#### WORK TASK:
Leaving out all pictures, write down exactly the lines from the one containing "Nawigacja podpowiedziała Nam, że" through the last line of the material.

#### AVAILABLE DATA:

####################

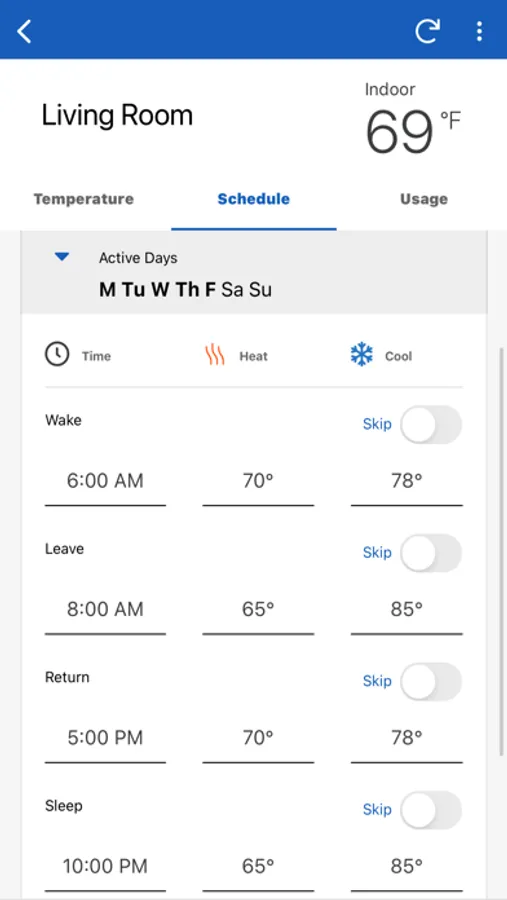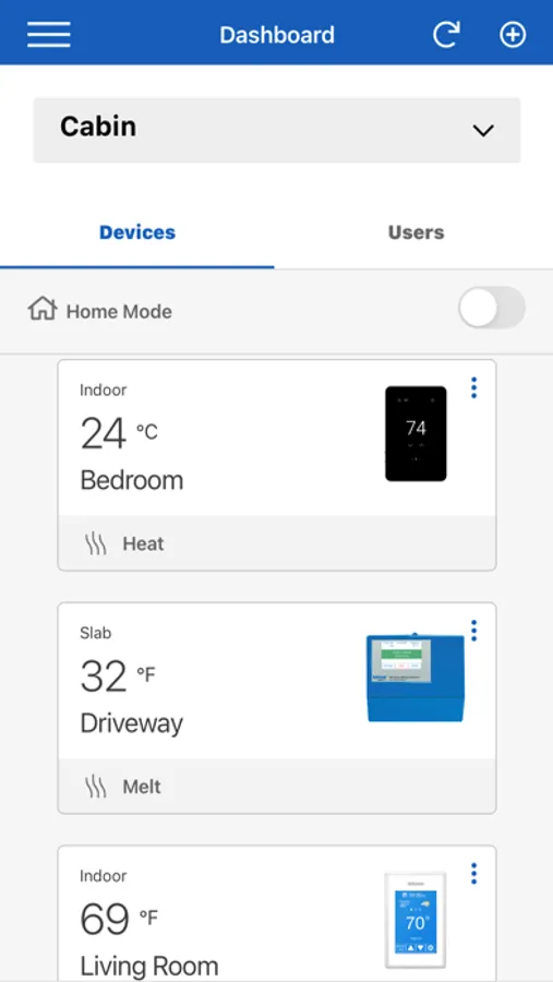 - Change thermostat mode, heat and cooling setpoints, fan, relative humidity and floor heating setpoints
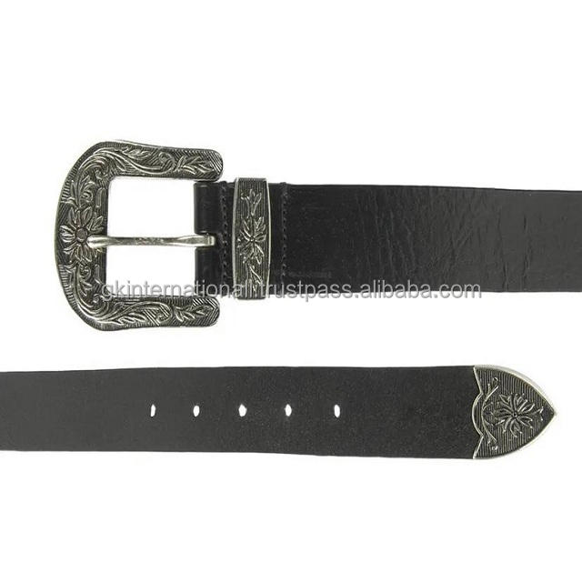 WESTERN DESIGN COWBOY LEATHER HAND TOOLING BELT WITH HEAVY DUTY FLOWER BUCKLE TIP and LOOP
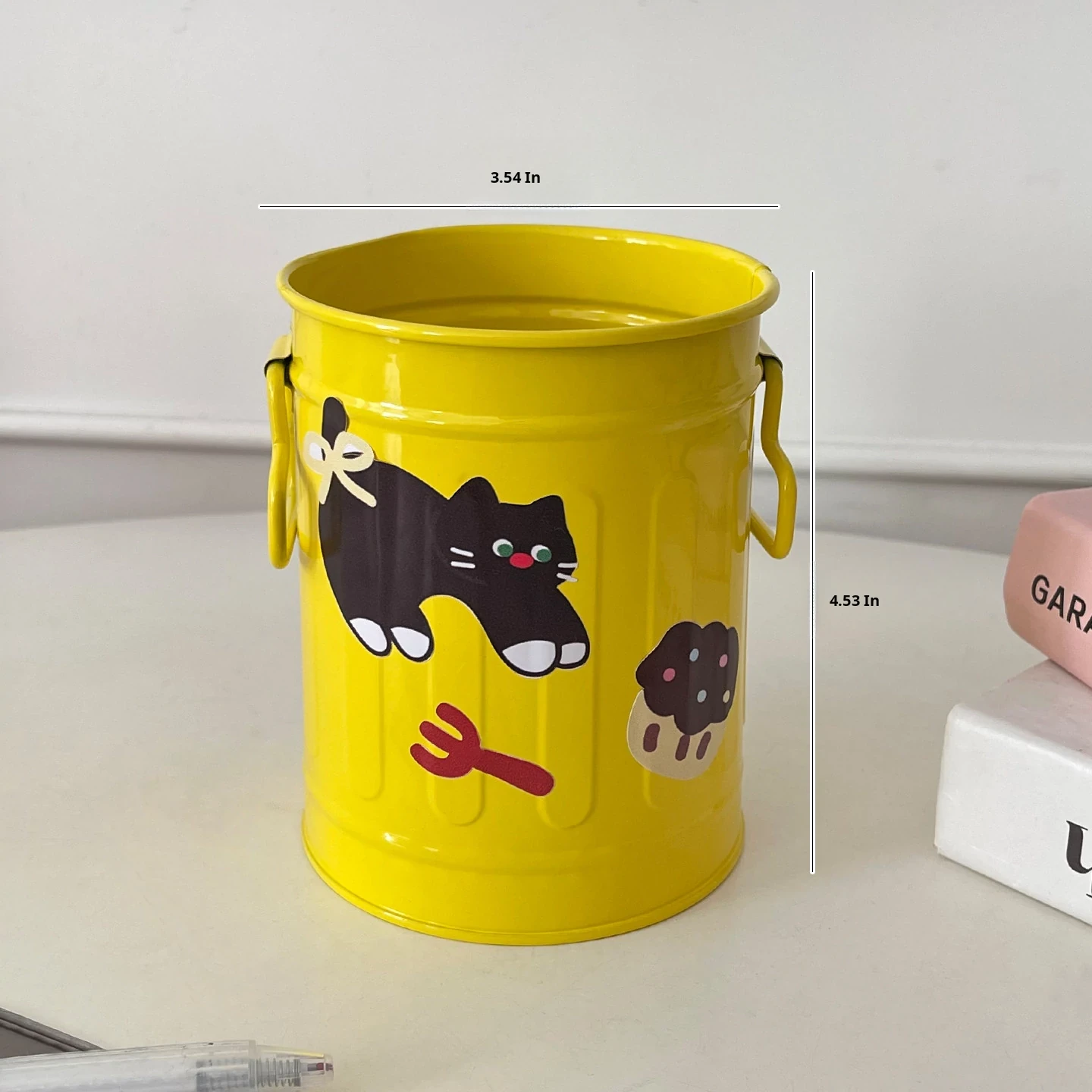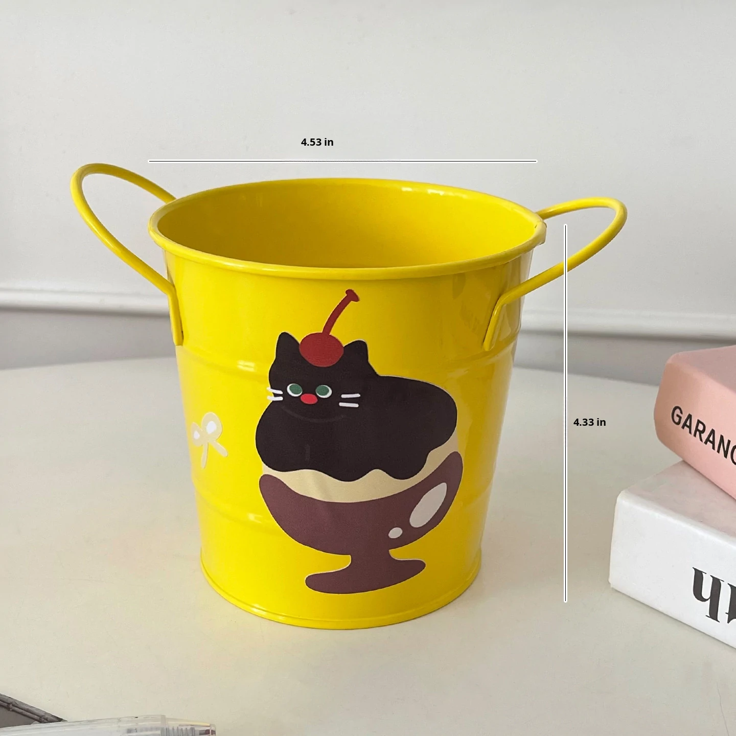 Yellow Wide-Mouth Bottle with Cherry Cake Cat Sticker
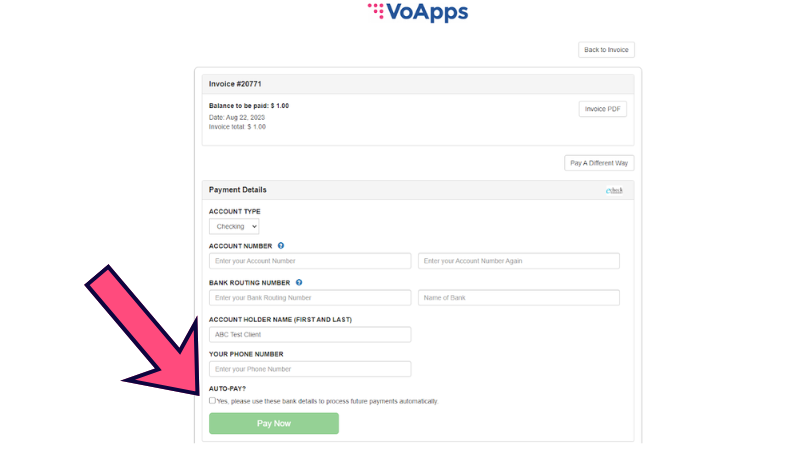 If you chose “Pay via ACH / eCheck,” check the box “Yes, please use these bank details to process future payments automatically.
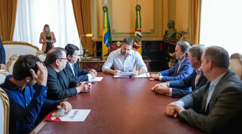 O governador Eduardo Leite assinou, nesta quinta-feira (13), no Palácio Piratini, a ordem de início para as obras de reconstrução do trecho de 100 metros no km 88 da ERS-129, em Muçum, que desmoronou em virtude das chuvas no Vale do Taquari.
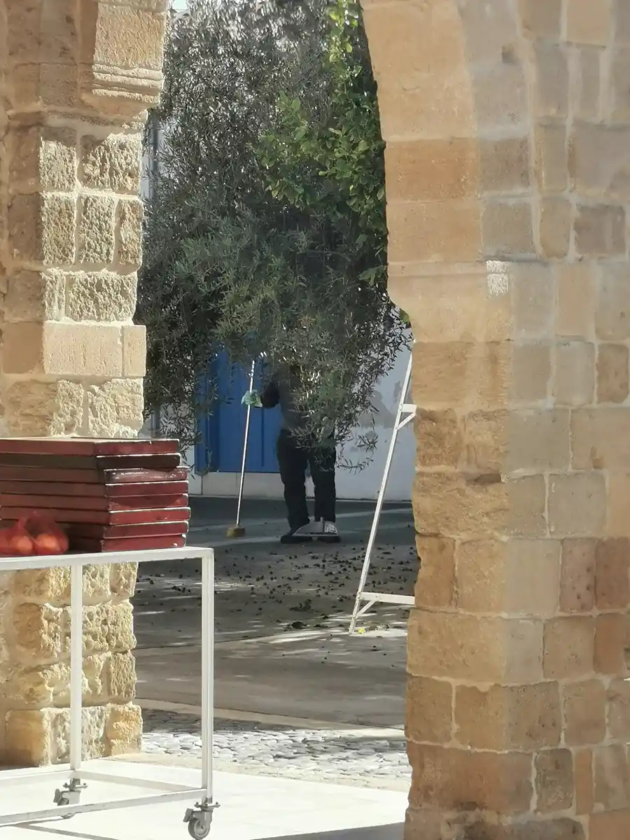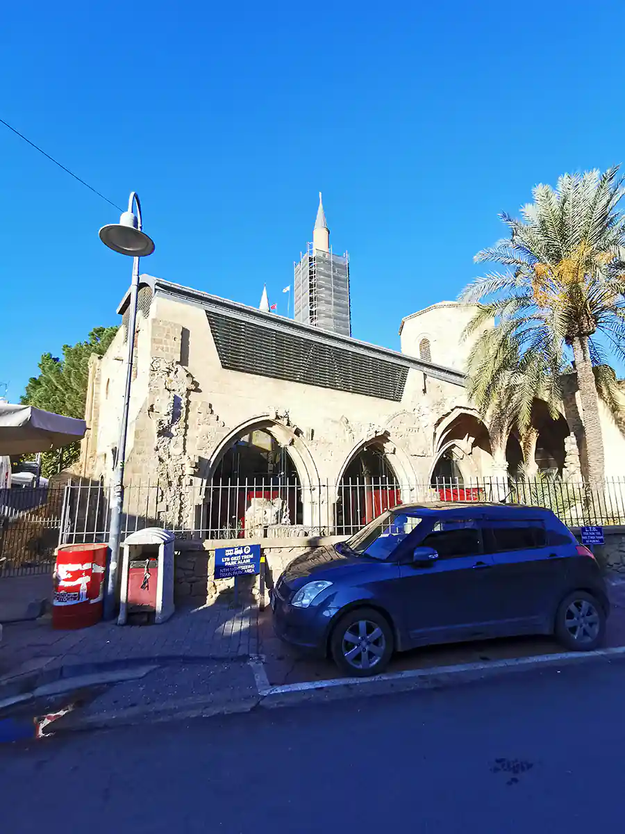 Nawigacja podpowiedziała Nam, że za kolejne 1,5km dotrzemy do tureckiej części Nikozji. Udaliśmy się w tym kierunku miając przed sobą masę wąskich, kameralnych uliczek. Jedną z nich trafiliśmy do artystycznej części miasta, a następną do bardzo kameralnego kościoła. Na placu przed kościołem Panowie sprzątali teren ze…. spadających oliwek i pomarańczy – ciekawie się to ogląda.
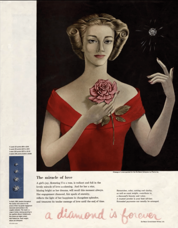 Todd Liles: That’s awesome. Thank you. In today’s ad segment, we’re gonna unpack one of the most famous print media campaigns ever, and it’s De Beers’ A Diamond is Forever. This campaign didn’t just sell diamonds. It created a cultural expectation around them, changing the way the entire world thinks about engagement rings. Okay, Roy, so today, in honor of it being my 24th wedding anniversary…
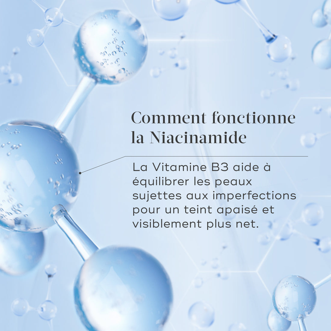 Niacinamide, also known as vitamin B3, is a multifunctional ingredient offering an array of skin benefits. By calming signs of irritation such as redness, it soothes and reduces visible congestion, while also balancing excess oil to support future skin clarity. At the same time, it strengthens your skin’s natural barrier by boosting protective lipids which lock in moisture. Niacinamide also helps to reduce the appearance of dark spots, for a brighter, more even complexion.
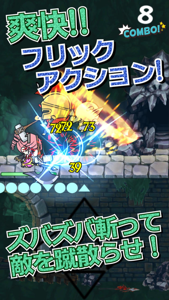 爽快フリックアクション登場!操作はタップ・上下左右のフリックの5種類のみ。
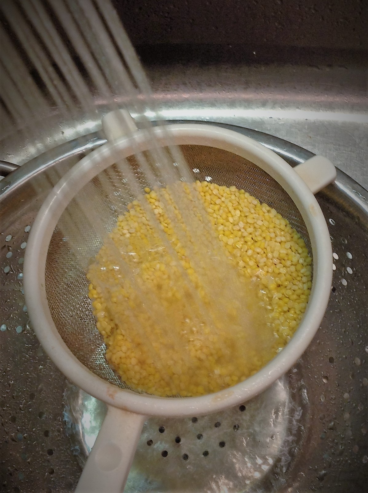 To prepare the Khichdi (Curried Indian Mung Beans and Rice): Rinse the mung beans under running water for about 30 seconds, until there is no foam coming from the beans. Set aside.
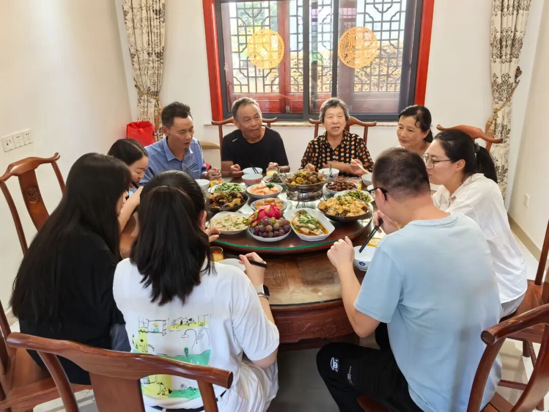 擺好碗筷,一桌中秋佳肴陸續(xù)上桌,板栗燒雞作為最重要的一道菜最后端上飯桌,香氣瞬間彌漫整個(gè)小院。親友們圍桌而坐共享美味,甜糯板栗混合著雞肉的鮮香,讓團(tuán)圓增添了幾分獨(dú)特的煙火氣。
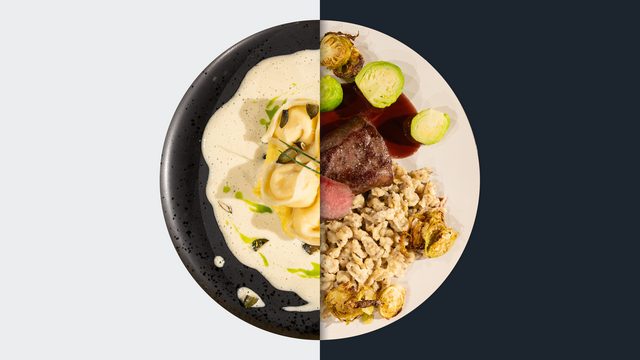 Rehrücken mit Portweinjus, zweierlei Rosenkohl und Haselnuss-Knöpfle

####################

#### TASK RESPONSE:
 Nawigacja podpowiedziała Nam, że za kolejne 1,5km dotrzemy do tureckiej części Nikozji. Udaliśmy się w tym kierunku miając przed sobą masę wąskich, kameralnych uliczek. Jedną z nich trafiliśmy do artystycznej części miasta, a następną do bardzo kameralnego kościoła. Na placu przed kościołem Panowie sprzątali teren ze…. spadających oliwek i pomarańczy – ciekawie się to ogląda.
 Todd Liles: That’s awesome. Thank you. In today’s ad segment, we’re gonna unpack one of the most famous print media campaigns ever, and it’s De Beers’ A Diamond is Forever. This campaign didn’t just sell diamonds. It created a cultural expectation around them, changing the way the entire world thinks about engagement rings. Okay, Roy, so today, in honor of it being my 24th wedding anniversary…
 Niacinamide, also known as vitamin B3, is a multifunctional ingredient offering an array of skin benefits. By calming signs of irritation such as redness, it soothes and reduces visible congestion, while also balancing excess oil to support future skin clarity. At the same time, it strengthens your skin’s natural barrier by boosting protective lipids which lock in moisture. Niacinamide also helps to reduce the appearance of dark spots, for a brighter, more even complexion.
 爽快フリックアクション登場!操作はタップ・上下左右のフリックの5種類のみ。
 To prepare the Khichdi (Curried Indian Mung Beans and Rice): Rinse the mung beans under running water for about 30 seconds, until there is no foam coming from the beans. Set aside.
 擺好碗筷,一桌中秋佳肴陸續(xù)上桌,板栗燒雞作為最重要的一道菜最后端上飯桌,香氣瞬間彌漫整個(gè)小院。親友們圍桌而坐共享美味,甜糯板栗混合著雞肉的鮮香,讓團(tuán)圓增添了幾分獨(dú)特的煙火氣。
 Rehrücken mit Portweinjus, zweierlei Rosenkohl und Haselnuss-Knöpfle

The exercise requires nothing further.